Scammers Steal Over $400,000 Via Fake Uniswap Google Ads

Tech

Scammers Steal Over $400,000 Via Fake Uniswap Google Ads

• Scammers have stolen at least $400,000 by promoting fake Uniswap sites through Google sponsored ads.
• Google Search phishing attacks have surged since March, with attackers often buying or compromising ads.
• This signals ongoing DeFi interfaces risks as phishing attacks targeting popular protocols intensify.

Scammers have stolen at least $400,000 through fake Uniswap Google Ads. The stolen funds reportedly came from users who were redirected to phishing sites impersonating Uniswap after clicking sponsored Google ads.

On May 25, 2026, on-chain analyst b-block issued a community warning that scammers were actively draining funds through a phishing website impersonating Uniswap. The attackers had stolen over $400,000, including at least 146.6 Ethereum (ETH), as well as other tokens and cross-chain assets. The stolen funds were traced to two addresses, including:

• 0x37925684BA178821b4436E06e67f5dBD6cfA49Bb
• 0x2fC25F46cC49D226eF92E9A7665f3d2821F3c5E2

Meanwhile, the Security Alliance (SEAL) previously said Google Search phishing campaigns have risen sharply since March, with attackers often buying ads or compromising legitimate ad accounts to impersonate popular crypto protocols.

How Fake Uniswap Google Ads Enabled the Phishing Scam

Notably, the scammers purchased sponsored ad placements on Google that appeared at the top of search results for “Uniswap.” When users clicked these ads, they were directed to counterfeit websites that closely impersonated the legitimate Uniswap interface.

The fake sites tricked users into connecting their crypto wallets and approving transactions. Behind the scenes, these approvals triggered malicious drainer contracts that transferred funds directly to the attackers.

Whats the Impact on DeFi User Trust and Security？

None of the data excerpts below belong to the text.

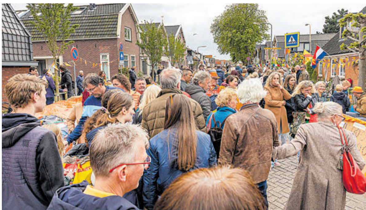
De vrijmarkt in Bakkum trekt altijd veel belangstelling.
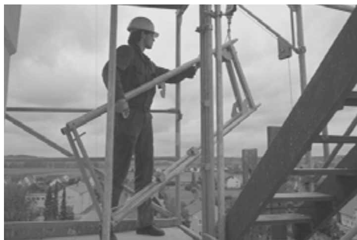
Het gebruik van een hijslier om het werk te verlichten is goed. Let op: bij het werken op hoogte moet adequate valbeveiliging worden gedragen/gebruikt, deze situatie is niet veilig.

Een andere manier om het werk te verlichten, is het inzetten van transporthulpmiddelen. Hierdoor hoeft er minder met de hand te worden getild en gesjouwd. De inzet van transporthulpmiddelen kost geld. Daar staat tegenover dat de aan- en afvoer van de steigerelementen met deze hulpmiddelen veelal sneller en dus goedkoper is. Er zijn verschillende mogelijkheden om het horizontaal en verticaal transport te verbeteren. Er zijn verschillende hulpmiddelen beschikbaar zoals: heftrucks, verreikers, ladderwagens, kranen, tractors met platte wagen, liften, takels, hijslieren en (hand)karren.
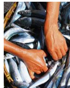
Jeu éducatif Le vivier Postobligatoire

This incident highlights growing concerns around DeFi user trust and security. Users now view even major DeFi platforms as vulnerable to discovery-layer exploits, accelerating distrust in centralized discovery tools and prompting many to favor Centralized Exchanges (CEXs) over self-custodial solutions.

From a security perspective, the incident underscores a critical evolution in threat vectors, from on-chain exploits to off-chain interface attacks. Wallet drainers that leverage social engineering through paid search results expose the fragility of user-facing entry points. Even with secure underlying protocols, irreversible transaction approvals continue to represent the highest risk surface, demanding heightened user vigilance and improved wallet-level safeguards.

Looking ahead, this could accelerate adoption of domain authentication tools, browser extensions with real-time artificial intelligence (AI) scam detection, and greater industry pressure on ad platforms for rigorous vetting. Projects will prioritize direct onboarding channels and education campaigns, while decentralized discovery mechanisms gain traction. However, sustained attacks may persist until search giants implement crypto-specific controls, keeping onboarding friction elevated and institutional trust recovery gradual.